Neural Extraction Framework logo Neural Extraction Framework

This week, I didn’t work much but performed the following tasks and observed the following things :

Entity mapping

Mapped URIs/URLs of articles to their labels(which are similar to the the article’s title) There are 2 such properties dbp:name and rdf:labels. Since I wasn’t able to see the property dbp:name on every article’s page in the dbpedia database, so went with rdf:labels instead.

PREFIX  rdfs:  <http://www.w3.org/2000/01/rdf-schema#>
 SELECT ?title
 WHERE { <http://dbpedia.org/resource/Berlin_Wall>
        rdfs:label ?title .
FILTER (lang(?title) = 'en')

Berlin Wall dbp:name property Fig1: Berlin Wall dbp:name property

Berlin Wall rdf:label property Fig2: Berlin Wall rdf:label property

Python Programming language dbp:p property Fig3: Python Programming language dbp:p property

Python Programming language rdf:label property Fig4: Python Programming language rdf:label property

But there were some articles which had very few or no properties.

No property about title/label/name of article Fig5: No property about title/label/name of article

No property about title/label/name of article Fig6: No property about title/label/name of article

Entity recognition and extraction

In our case, hyperlinks act as entities only, as stated in the goal of the problem statement: predicate resolution of wiki links among entities.

However, after scraping all the text of the article Berlin Wall, I used spaCy library to find the entities. I used to believe that in most cases named entity will be a hyperlink in the article but it was not fully true. It was found that many entities that were recognised by spaCy lib were also the hyperlinks, which we found by running the SPARQL query using dbo:wikiPageWikiLink, in the scraped text.

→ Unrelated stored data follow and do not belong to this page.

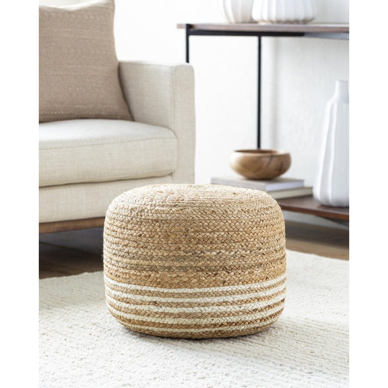 This texture-rich pouf lends natural vibes and a multi-functional design to your living space. It’s crafted from jute and features a charming round silhouette filled with polybeads to help give it a puck-like shape. The neutral hues and classic striped motif complement coastal and cottage living rooms and reading nooks alike. Plus, this pouf measures 18″ wide, so you can use it as a spare seat, a place to kick up your feet, or even as a coffee table stand-in for homes with a smaller square footage. Birch Lane
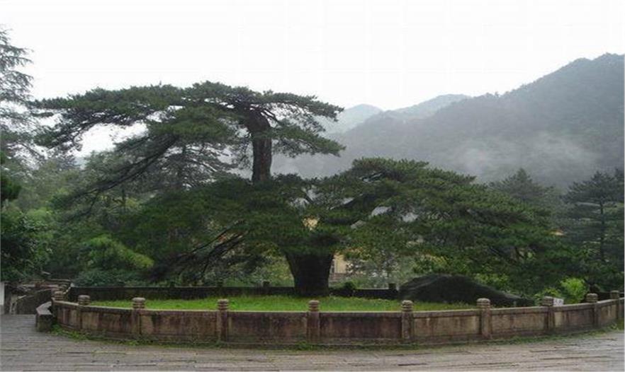 鳳凰松位于九華山的閔園景區(qū),是九華山的一大景觀。松高7.68米,胸徑1米,造型奇特,恰似鳳凰展翅,故名。這棵鳳凰古松,史載見于南北朝,相傳為南北朝時期的神僧杯渡所植,距今已有1400年的歷史,如今仍然挺撥蒼翠、枝繁葉茂。鳳凰松以其奇特雄姿和傳奇故事,成為古今眾多詩人、畫家、攝影家的贊美詩和優(yōu)美畫幅中的主角,被當(dāng)代著名畫家李可染譽(yù)為“天下第一松”。
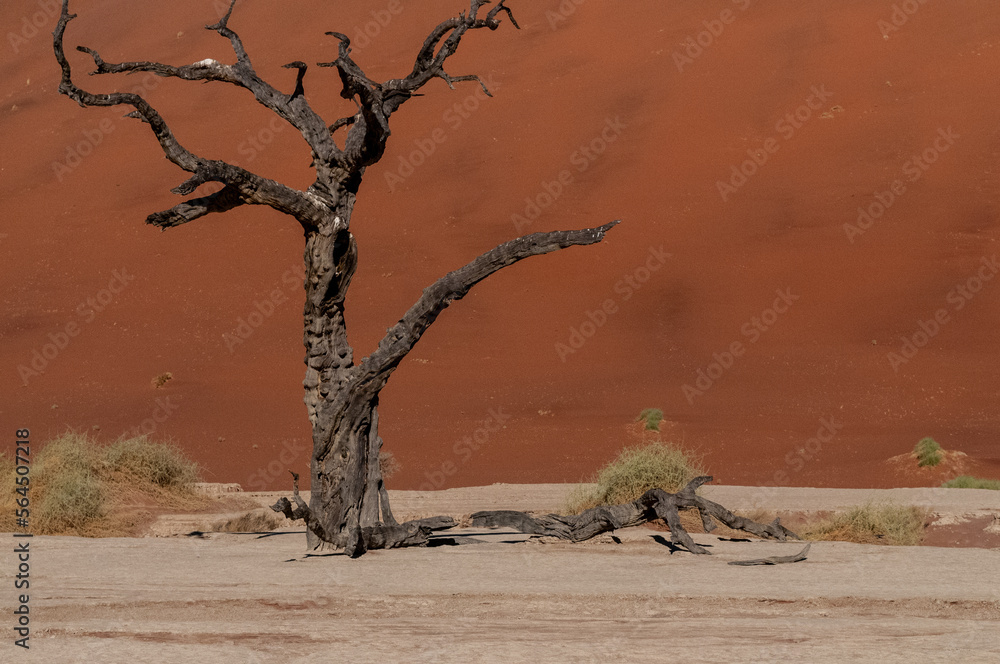 Landscape shot of the iconic dead trees of the Namibian deadvlei area.

I extracted entities by 2 methods:

August didn’t come when we ran the SPARQL query but spaCy lib recogonised it as an entity.

SPARQL Query dbo:wikiPageWikiLink hyperlinks present in wikipedia article Fig7: SPARQL Query dbo:wikiPageWikiLink hyperlinks present in wikipedia article

SpaCy library for entity extraction and recognition Fig8: SpaCy library for entity extraction and recognition

I think that the entities which are not returned by the SPARQL query hold relatively less significance since we have to identify the relation between the articles(which are entities in our case)

Today I am looking into coreference resolution.